Sehr geehrter Herr Geßner.

Sie haben insoweit Recht, daß ich die Tätigkeit des Verfassungsschutzes weiter kritisch sehe.
Dies betrifft vor allem den Einsatz geheimdienstlicher Mittel wie zum Beispiel die heimliche Überwachung von Telephonkommunikation oder die heimliche Observation.
Auch ist die Befassung mit Gruppen wie der VVN (Vereinigung der Verfolgten des Naziregimes) als Relikt des Kalten Krieges oder mit der Partei Die Linke abzulehnen.

Eine Reform mit dem Ziel - wie von Ihnen vorgeschlagen - sich nur noch mit Bestrebungen zu befassen, die Gewalt und Willkür predigen, würde mir nicht genügen. Wenn es um die Begehung von Straftaten, gar um Gewaltdelikte geht, ist ohnehin die Polizei zuständig.

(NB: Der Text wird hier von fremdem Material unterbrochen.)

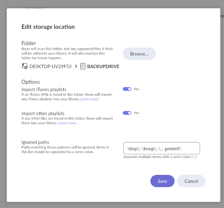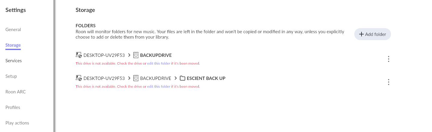 I think the path is still not correct. I’m not able to force a back up. See screen shots. I restored from an old backup that was using the PC as a core but I now have a Nucleus that I want use as the main source. All of my music is stored on a backup drive connected to the PC. See screen shots…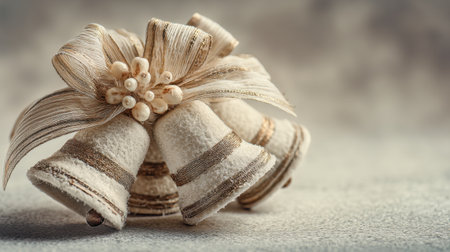 A detailed close-up of decorative Christmas bells adorned with a beautiful ribbon and pearls, ideal for enhancing any festive atmosphere and holiday decor.
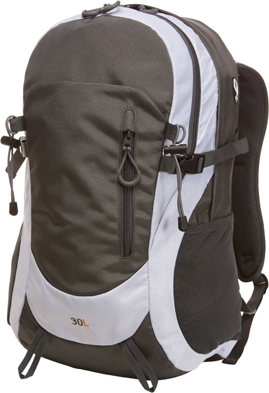 Rucksack „Trail“, Leichter funktioneller Rucksack mit gepolstertem Rücken, Beckengurt gepolstert mit Taschen mit Reißverschluss, Träger gepolstert mit oberer und unterer Längenverstellung, verstellbarer Brustgurt, 2 Seitentaschen, Bodenfach mit Regenhülle, großes Hauptfach mit flachem Einsteckfach innen und Kopfhörerausgang, seitliche Zurrgurte, Wanderstockfixierung, Fassungsvermögen: 30l, Maße: 30x49x18cm, Material: 420D Polyester, Größe: onesize

Ich setze mich ein für eine Evaluierung auch der Tätigkeit des Geheimdienstes Verfassungsschutz, um zu klären, was dieser in den letzten Jahrzehnten in den verschiedenen Bereichen gebracht hat, an Schaden und Nutzen. Dazu gibt es sehr unterschiedliche Meinungen. Es fehlt aber eine systematische Faktensammlung und Aufarbeitung. Auf einer solchen Grundlage könnte dann diskutiert und entschieden werden, was in einer offenen demokratischen Gesellschaft noch an Geheimdienst unerläßlich notwendig ist. Vielleicht reicht eine Informationssammel- und Aufarbeitungstelle, die aus allgemein zugänglichen Quellen ganz ohne geheimdienstliche Mittel Informationen zusammenträgt und der Politik, der Wissenschaft und den Medien zur Verfügung stellt. Auch heute schon beziehen die Inlandsnachrichtendienste den ganz überwiegenden Teil (bis zu über 80 %) ihrer Informationen und Erkenntnisse aus solchen "normalen" offenen Quellen.